> Required work
No pictures go into the copy. Write out every line below exactly.

** The data follows **

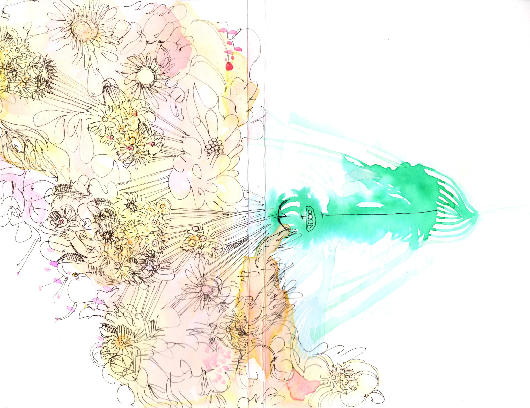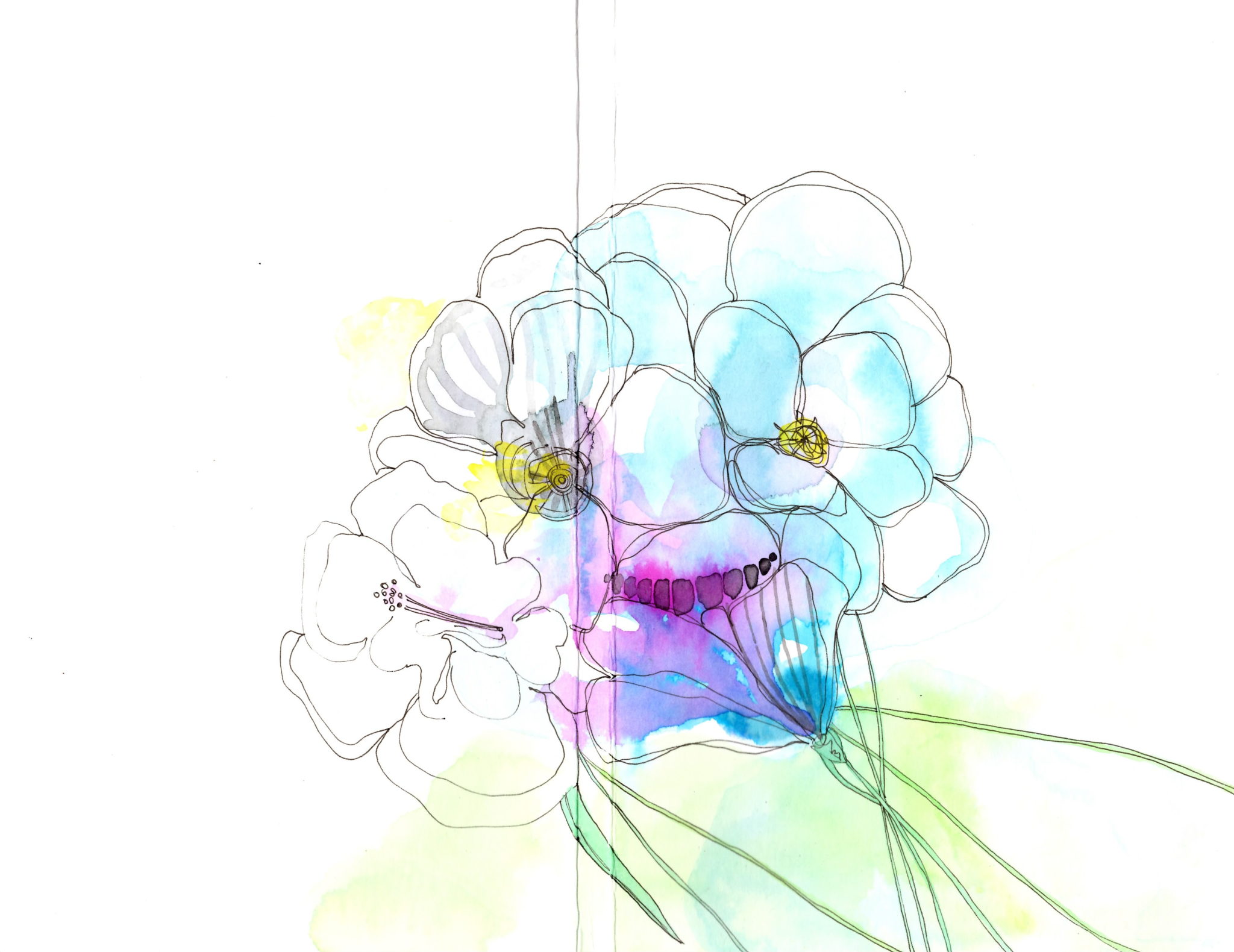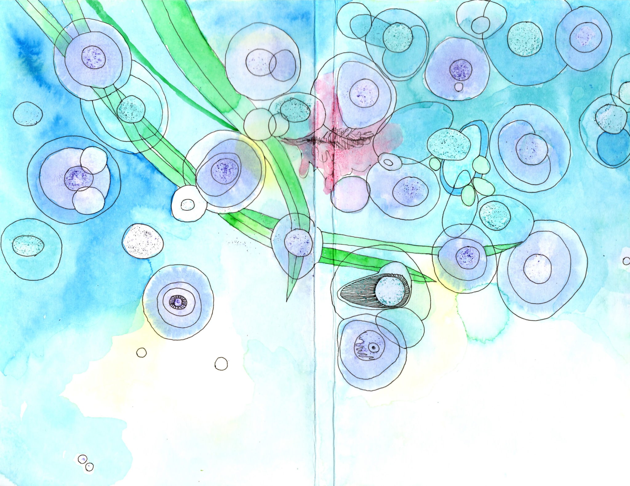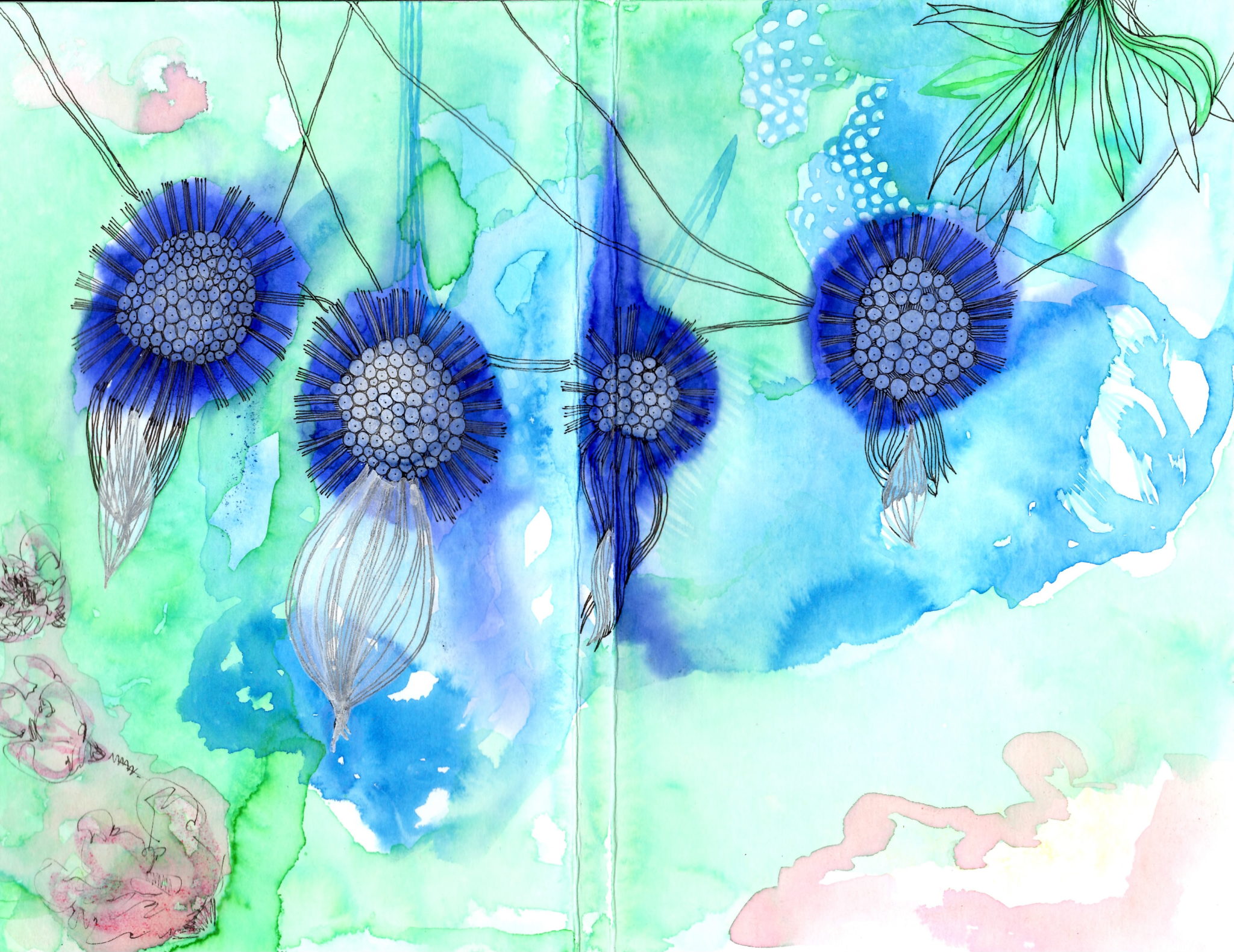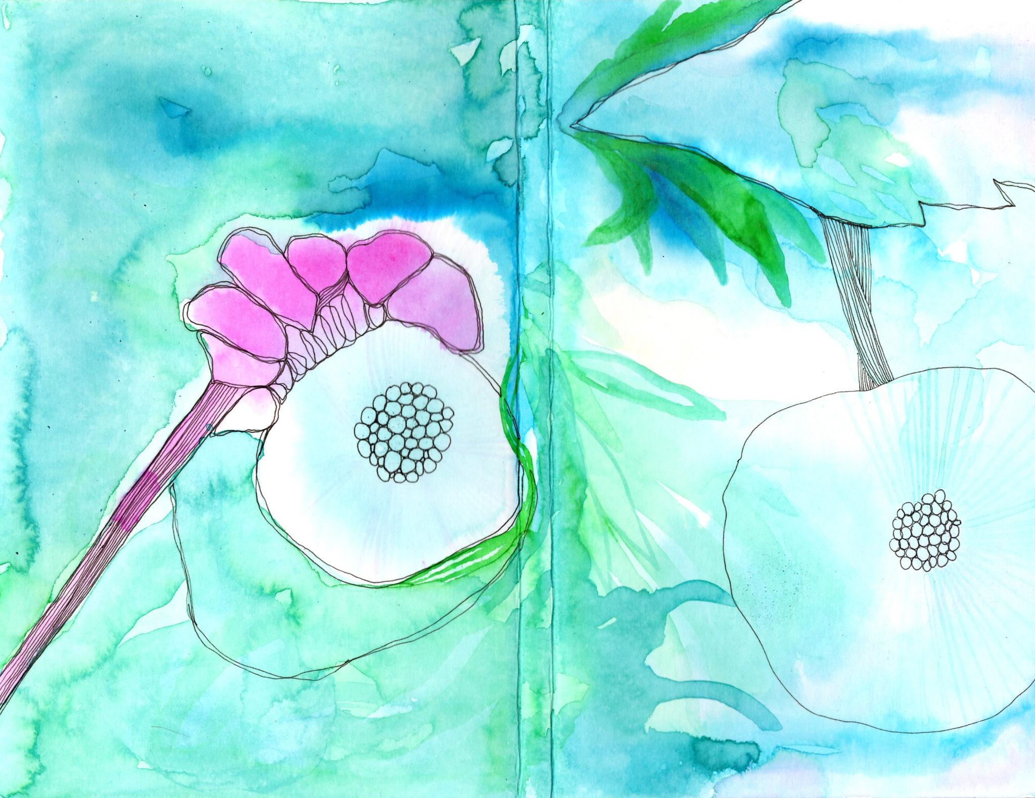 I was lucky enough to be one of 10 invited artists to create 15 original covers for the newest edition of Çedilla. Each person who purchases a copy of Ç viii (v. 8.0) will have the ability to choose a book with an artist-designed cover. It was a fun project, which I decided to use liquid watercolor, dye and pen to execute. Here's the results:
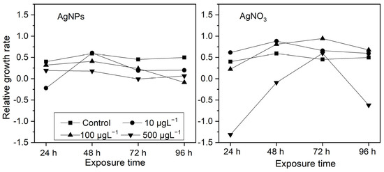 The effects of different concentrations of AgNPs and soluble Ag concentrations (10, 100, and 500 μg·L−1) on the relative growth rate of S. costatum at 24, 48, 72, and 96 h.
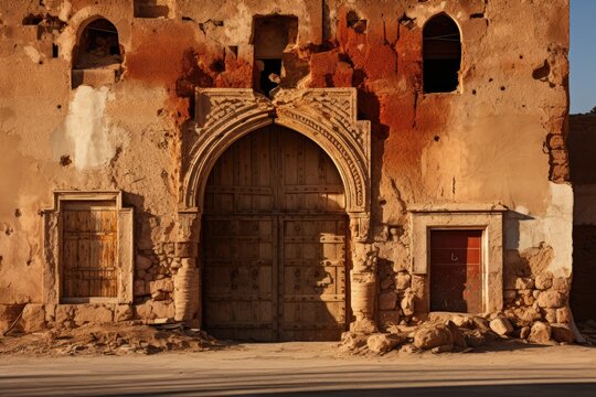 Marrakech, Morocco, the old walls of the city, such as the door of Bab AgNaou., generative IA

** End of The data **

> Result
 I was lucky enough to be one of 10 invited artists to create 15 original covers for the newest edition of Çedilla. Each person who purchases a copy of Ç viii (v. 8.0) will have the ability to choose a book with an artist-designed cover. It was a fun project, which I decided to use liquid watercolor, dye and pen to execute. Here's the results:
 The effects of different concentrations of AgNPs and soluble Ag concentrations (10, 100, and 500 μg·L−1) on the relative growth rate of S. costatum at 24, 48, 72, and 96 h.
 Marrakech, Morocco, the old walls of the city, such as the door of Bab AgNaou., generative IA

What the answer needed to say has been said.